Appendix A: Proof of Lemma 1

We start the proof of Lemma 1 with the following a technical lemma.

Lemma 5

Let \({\mathcal {F}}\) be a class of contraction-preserving c.c.p. functions (see Definition 3), and let \(S=\{(x_i,g_i,f_i)\}_{i\in I^*_N}\) be an \({\mathcal {F}}\)-interpolable set satisfying

$$\begin{aligned}&{\left\langle g_i, g_j\right\rangle }=0, \quad \text {for all } 0\le j<i=1,\ldots ,N,\end{aligned}$$
$$\begin{aligned}&{\left\langle g_i, x_j-x_0\right\rangle }=0,\quad \text {for all } 1\le j\le i=1,\ldots ,N, \end{aligned}$$

then there exists \(\{{\hat{x}}_i\}_{i\in I^*_N}\subset \mathbb {R}^d\) such that the set \({\hat{S}}=\{({\hat{x}}_i,g_i,f_i)\}_{i\in I^*_N}\) is \({\mathcal {F}}\)-interpolable, and

$$\begin{aligned}&{\left||{\hat{x}}_0 - {\hat{x}}_*\right||}\le {\left||x_0-x_*\right||}, \end{aligned}$$
$$\begin{aligned}&{\hat{x}}_i \in {\hat{x}}_0 + \mathrm {span}\{g_0,\ldots ,g_{i-1}\},\quad {i=0,\ldots , N}. \end{aligned}$$


By the orthogonal decomposition theorem there exists \(\{h_{i,j}\}_{0\le j<i\le N} \subset \mathbb {R}\) and \(\{v_i\}_{0\le i\le N} \subset \mathbb {R}^d\) with \({\left\langle g_k, v_i\right\rangle }=0\) for all \(0\le k<i \le N\) such that

$$\begin{aligned} x_i&=x_0-\sum _{j=0}^{i-1} h_{i,j}g_j +v_i, \quad { i=0,\ldots , N}, \end{aligned}$$

furthermore, there exist \(r_*\in \mathbb {R}^d\) satisfying \({\left\langle r_*, v_j\right\rangle }=0\) for all \(0\le j \le N\) and some \(\{\nu _{j}\}_{0\le j\le N}\subset \mathbb {R}\), such that

$$\begin{aligned} x_*=x_0 + \sum _{j=0}^N \nu _{j}v_j + r_*. \end{aligned}$$

By (23) and (24) it then follows that for all \(k\ge i\)

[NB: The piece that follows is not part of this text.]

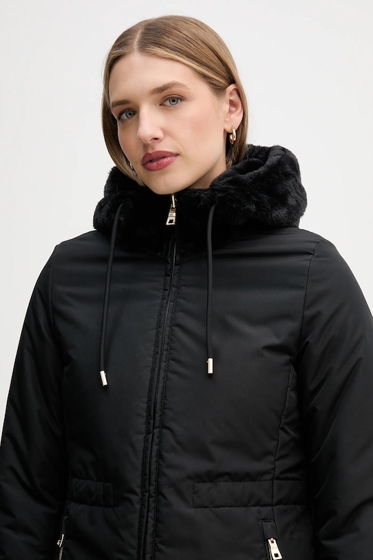 - Поднятый воротник и несъемный капюшон обеспечивают дополнительную защиту от холода.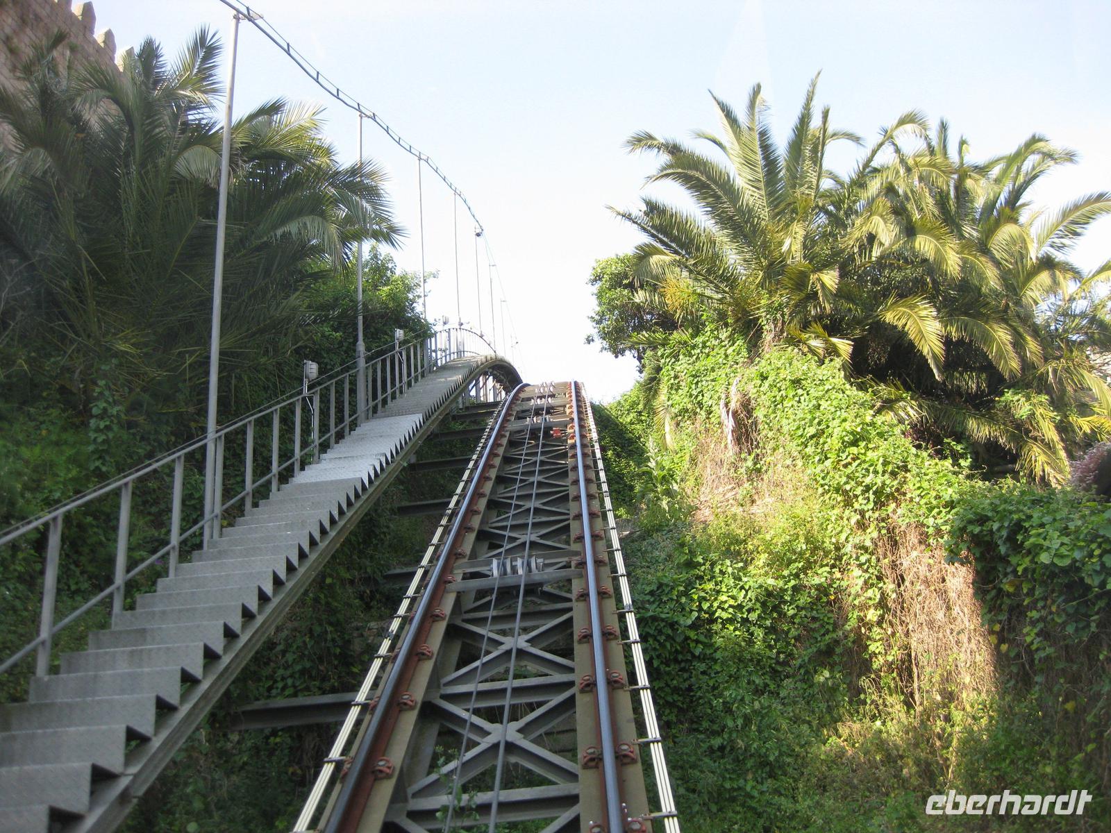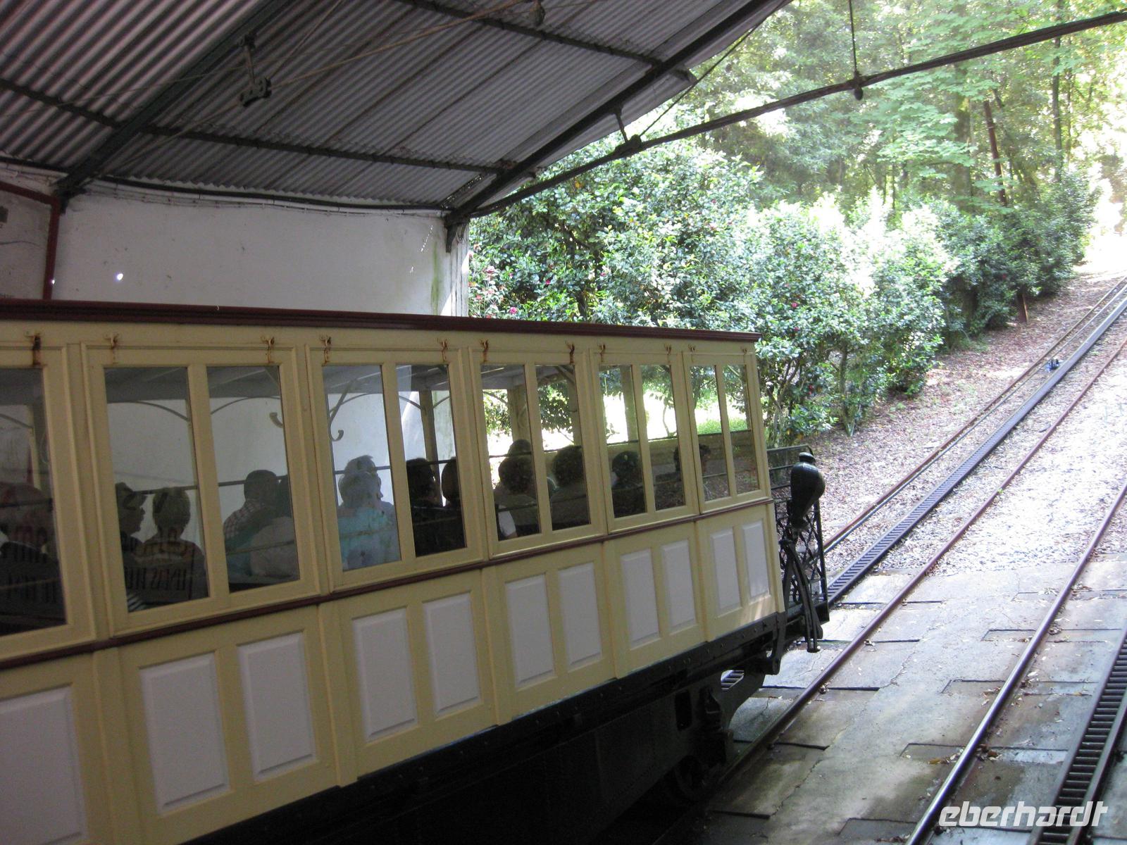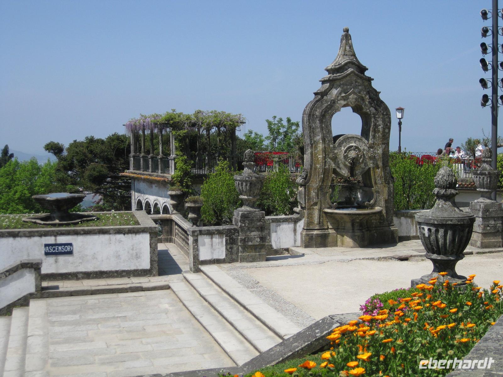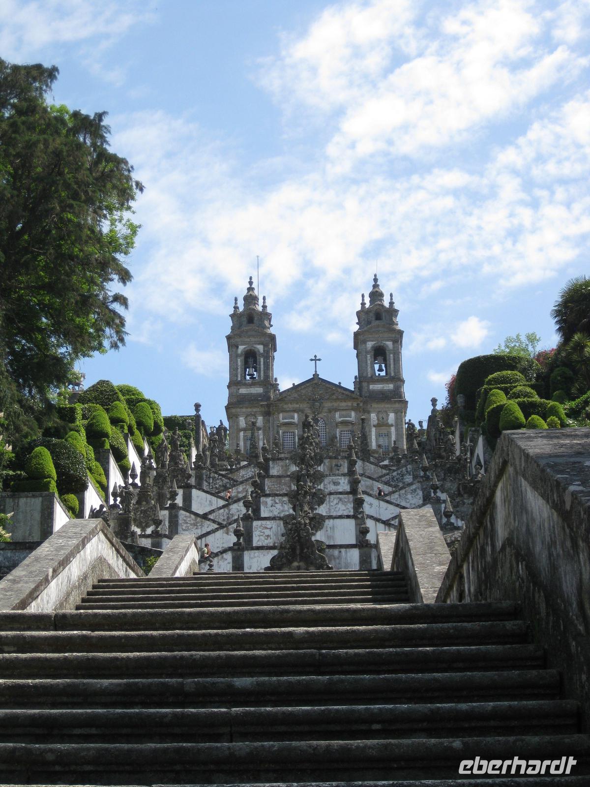 11.00 Uhr fahren wir weiter in Richtung Braga / Bergheiligtum Santuario do Bom Jesus. Um zum Bergheiligtum Santuario do Bom Jesus hinaufzukommen gibt es mehrere Möglichkeiten: zu Fuß die berühmte Freitreppe hinauf steigen, mit dem Bus hinauf fahren oder mit einer alten mit Wasser beschwerten Standseilbahn hinauf fahren. Wir fahren mit der Standseilbahn hinauf - ein besonderes Erlebnis. Oben angekommen sind wir total überrascht von der Schönheit der ganzen Anlage. Die Kirche ist von einem wunderschönen Park umgeben. Und hier oben befinden sich ein schickes Hotel und Restaurant, in denen man gut besondere Feste feiern kann. Und von hier oben eröffnet sich ein toller Blick auf die Stadt Braga. 13.00 Uhr fahren wir dann hinab in die Stadt Braga. Am unteren Ende der Freitreppe halten wir noch mal und können so unser eigenes Foto von dem berühmten Motiv schießen.

$$\begin{aligned} {\left\langle g_k, v_i\right\rangle } = {\left\langle g_k, x_i-x_0+\sum _{j=0}^{i-1} h_{i,j} g_j\right\rangle } = 0, \end{aligned}$$

hence, together with the definition of \(v_i\), we get

$$\begin{aligned} {\left\langle g_k, v_i\right\rangle }=0, \quad {i,k=0,\ldots ,N}. \end{aligned}$$

Let us now choose \(\{{\hat{x}}_i\}_{i\in I^*_N}\) as follows:

$$\begin{aligned}&{\hat{x}}_0:=x_0,\\&{\hat{x}}_i:=x_0-\sum _{j=0}^{i-1} h_{i,j} g_j, \quad { i =0,\ldots , N}, \\&{\hat{x}}_* := x_0+r_*. \end{aligned}$$

It follows immediately from this definition that (26) holds, it thus remains to show that \({\hat{S}}\) is \({\mathcal {F}}\)-interpolable and that (25) holds.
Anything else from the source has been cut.